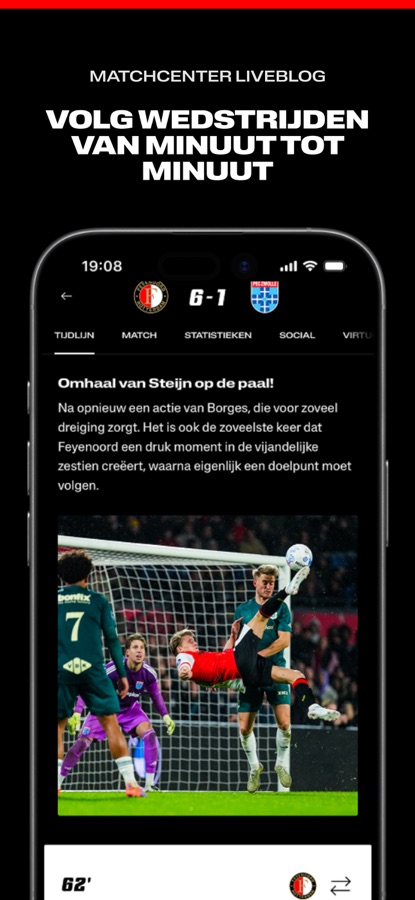 Tijdens wedstrijddagen is de Feyenoord App dé plek om de wedstrijd van Feyenoord 1 te volgen.
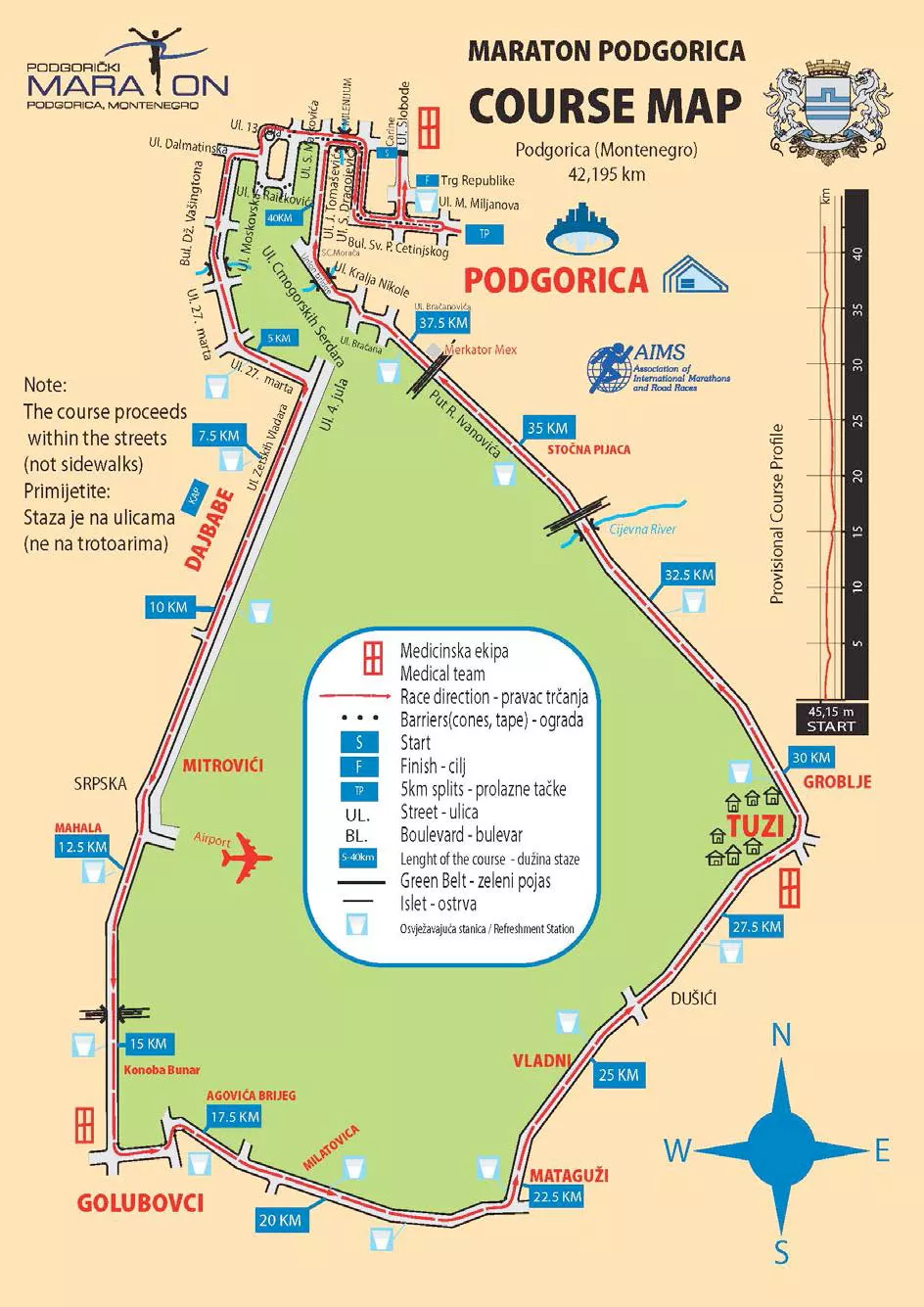 Jest płaska i w jednej pętli. Ma certyfikat AIMS. Bieg startuje i kończy się w Podgoricy na Placu Republiki. Przebiega po drodze przez miejscowości Mataguzi-Podgorica-Tuzi. Organizatorzy przewidzieli 15 punktów odświeżania.
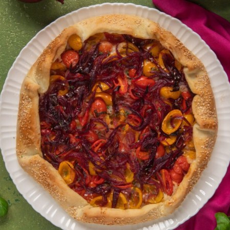 Ricetta della galette salata ai pomodorini e cipolle caramellate
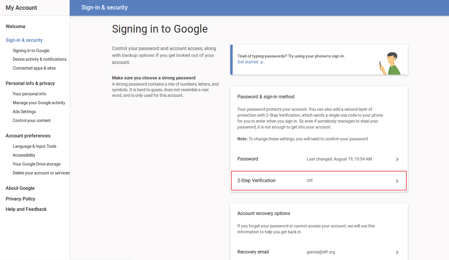 Select “2-Step Verification” under “Password & sign-in method.”
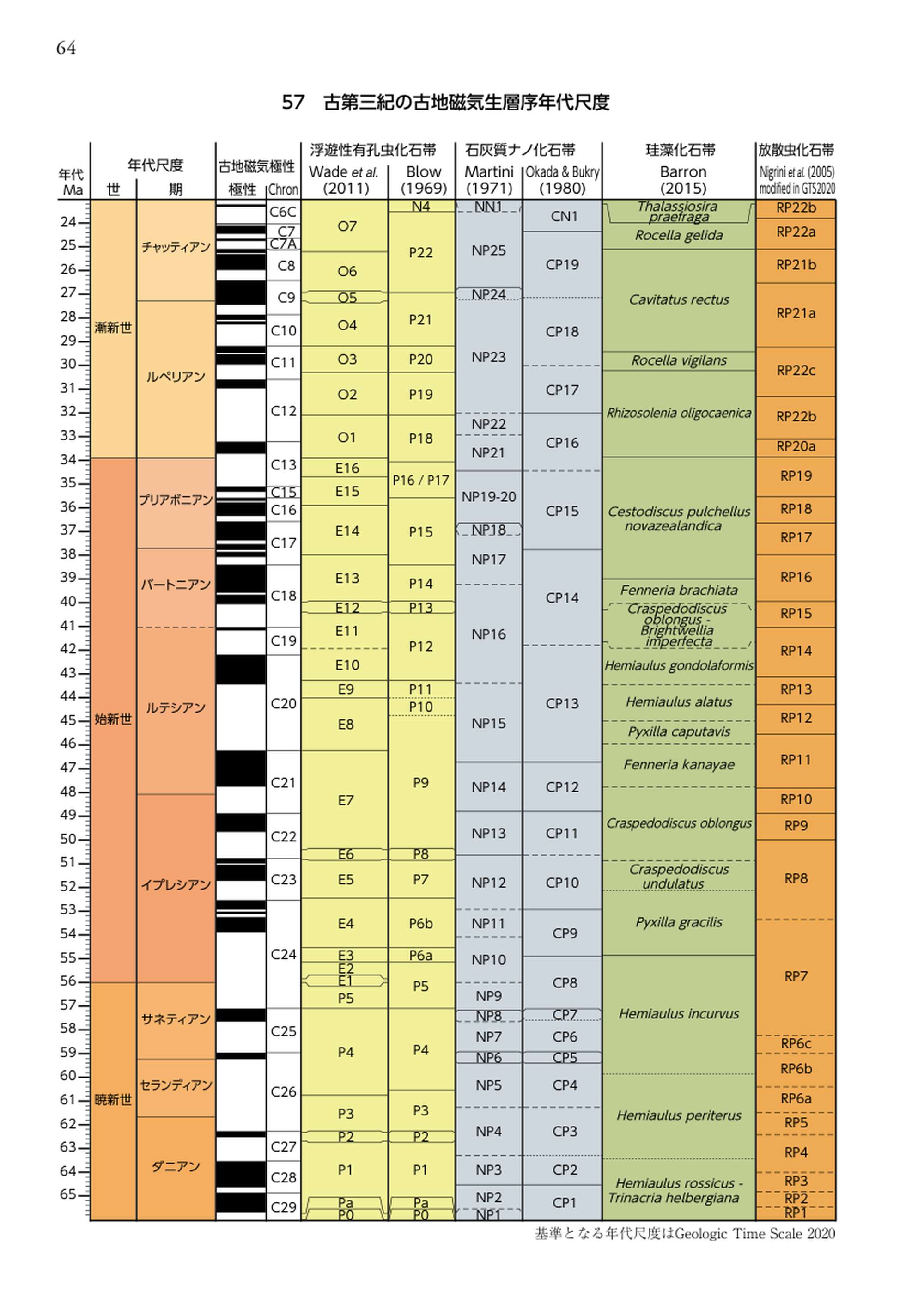 最新 地学事典に掲載されている「古第三紀の古地磁気生層序年代尺度」をご覧になれます。詳細については、画像をクリックして拡大し、ご覧ください。
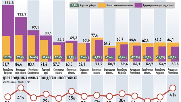 На более длинных временных отрезках можно проследить некоторое расхождение между предложением и спросом на рынке жилья. С весны прошлого года до начала зимы постепенно росло количество непроданных квартир в новостройках. Так, в апреле прошлого года купили 41 квартиру из 100 в домах, которые находились в процессе строительства. В декабре -лишь 28. Последние данные корпорации ДОМ.РФ на середину апреля текущего года: реализовано 29 процентов квартир.
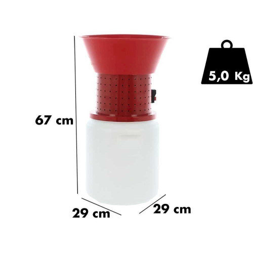 Dieses Produkt lässt sich leicht zerlegen, es ermöglicht eine relativ hohe Produktion von gemahlenem Korn im Verhältnis zu seiner geringen Größe. Dank der besonderen Sorgfalt bei seiner Konstruktion ist diese Elektromühle in der Lage, Getreide zu mahlen, ohne dass Staub in die Umgebung abgegeben wird. Der Behälter hat ein Fassungsvermögen von 20 lt.

◆ ◆ ◆ ◆

» **Task instructions**: When you retype the records, keep every word exactly as written and exclude the pictures.

» **Exercise result**:
 Tijdens wedstrijddagen is de Feyenoord App dé plek om de wedstrijd van Feyenoord 1 te volgen.
 Jest płaska i w jednej pętli. Ma certyfikat AIMS. Bieg startuje i kończy się w Podgoricy na Placu Republiki. Przebiega po drodze przez miejscowości Mataguzi-Podgorica-Tuzi. Organizatorzy przewidzieli 15 punktów odświeżania.
 Ricetta della galette salata ai pomodorini e cipolle caramellate
 Select “2-Step Verification” under “Password & sign-in method.”
 最新 地学事典に掲載されている「古第三紀の古地磁気生層序年代尺度」をご覧になれます。詳細については、画像をクリックして拡大し、ご覧ください。
 На более длинных временных отрезках можно проследить некоторое расхождение между предложением и спросом на рынке жилья. С весны прошлого года до начала зимы постепенно росло количество непроданных квартир в новостройках. Так, в апреле прошлого года купили 41 квартиру из 100 в домах, которые находились в процессе строительства. В декабре -лишь 28. Последние данные корпорации ДОМ.РФ на середину апреля текущего года: реализовано 29 процентов квартир.
 Dieses Produkt lässt sich leicht zerlegen, es ermöglicht eine relativ hohe Produktion von gemahlenem Korn im Verhältnis zu seiner geringen Größe. Dank der besonderen Sorgfalt bei seiner Konstruktion ist diese Elektromühle in der Lage, Getreide zu mahlen, ohne dass Staub in die Umgebung abgegeben wird. Der Behälter hat ein Fassungsvermögen von 20 lt.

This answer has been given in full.